Discussion in 'Guides' started by rootgremlin, Apr 3, 2018.

  1. rootgremlin

    rootgremlin New Member

    Jun 9, 2016
    Likes Received:
    so i got myself a new 2TB s840 STEC SAS SSD, Z16IZF2E-2TBUCZ to use as vm-datastore for multiple esxi hosts.
    The Storage-Server is an AllinOne ESXi host, whose Specs are....

    • Mainboard: X9SRL-F
    • CPU: Xeon E5-1620v2
    • RAM: 96GB
    • Chassis: SM836
    • Controller: SAS2008, P410i with 1GB BBWC
    • Backplane: SAS1-EL1
    • Disks: 12x WD60EFRX, 6TB SATA in RaidZ2
    • 2x HUH721212AL4200, 12TB SAS as Mirror
    • 1x STEC S840 Z16IZF2E-2TBUCZ, 2TB SAS as single disk
    • 1x ST2000LM003 HN-M, 2TB SATA as single backup disk
    • OS: Solaris 11.3 with Per-FS Encryption on most of the Filesystems

    the Solaris VM has both controllers passed through and 72GB (locked) RAM
    I NFS-exported the single ZFS-SSD-Disk to the ESXi and moved the Test win7 VM
    to that Datastore.The Backplane is connected to one port of the SAS2008, the second port had the s840 SSD.
    Behind the p410i, the SSD is configured as a single raid0 and the 1GB BBWC configured as 100% writecache, 0% readcache.

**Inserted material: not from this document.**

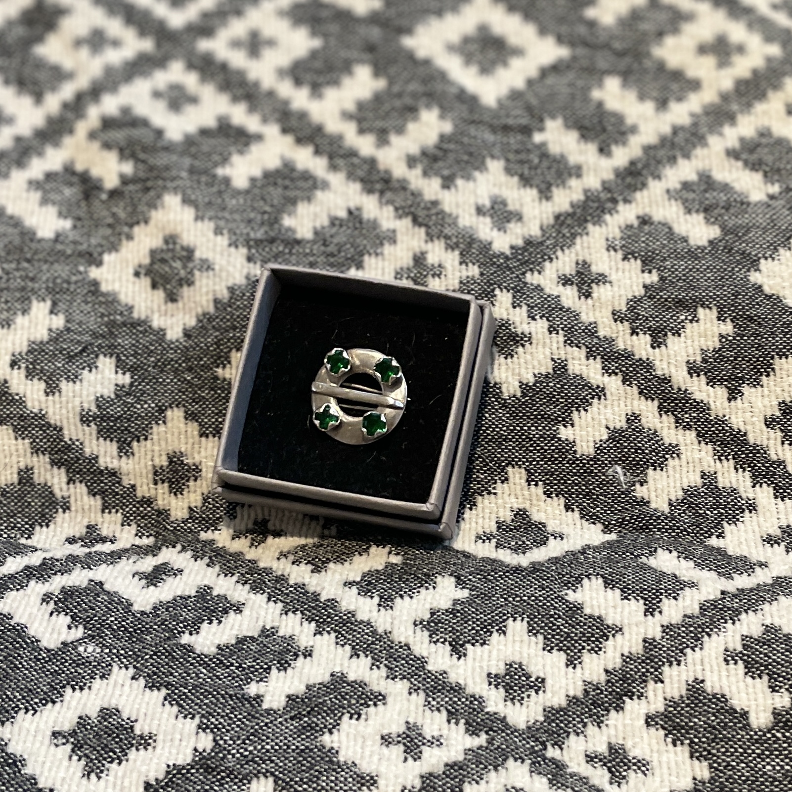 Silmadega vitssõlg-pross, taga prossi kinnitus. Kahe nõelaga, et ei kaoks kandmisel.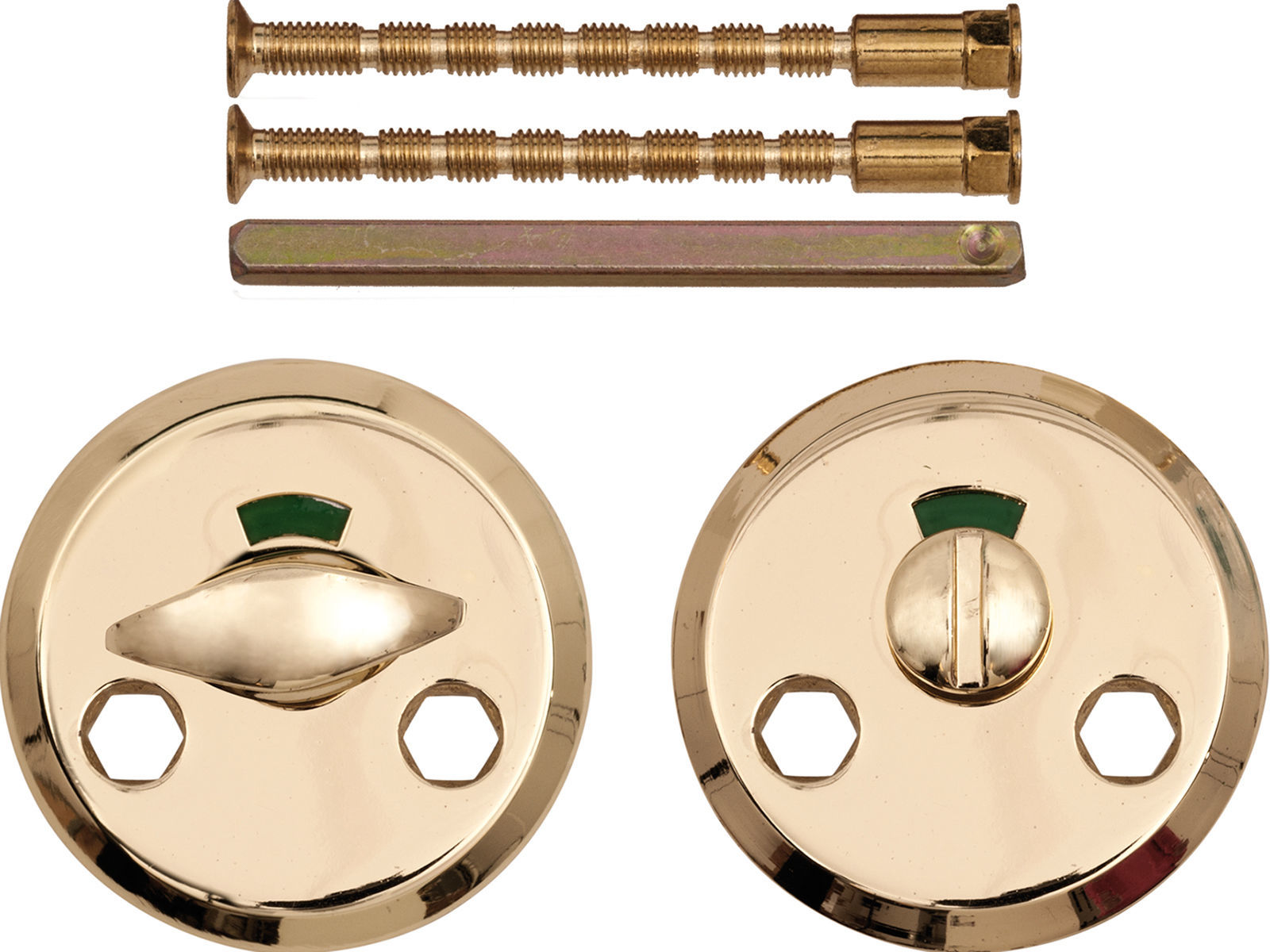 WC-garnityr av zink/alloy for innerdører. Polert messing utførelse. Passer til dørtykkelse 35-60 mm. Leveres komplett med skilt type R0K3, samt skruer og tilbehør. En del av BASIC-serien.

    with sync=standard on "uncached" HBA

    with sync=standard on P410i with Cache

    Between 20% and 50% SYNC Writespeed Improvement with something that would get tossed in the trash !!!! Even the latency got reduced!

    Just for comparison, the Speed
    with sync=disabled on P410i with Cache
    Last edited: Apr 3, 2018
    SlickNetAaron likes this.
  2. i386

    i386 Well-Known Member

    Mar 18, 2016
    Likes Received:
    Thats a raid Controller right?
  3. rootgremlin

    rootgremlin New Member

    Jun 9, 2016
    Likes Received:
    yes, in my case its the "HP Smart Array P410i RAID Controller" with an AddOn 1GB Memory Cache, backed up by a Battery /Capacitor Module.

    I would say, if you have any kind of RAID Controller with onboard Cache lying around, you could at least try to use it and evaluate its usecase.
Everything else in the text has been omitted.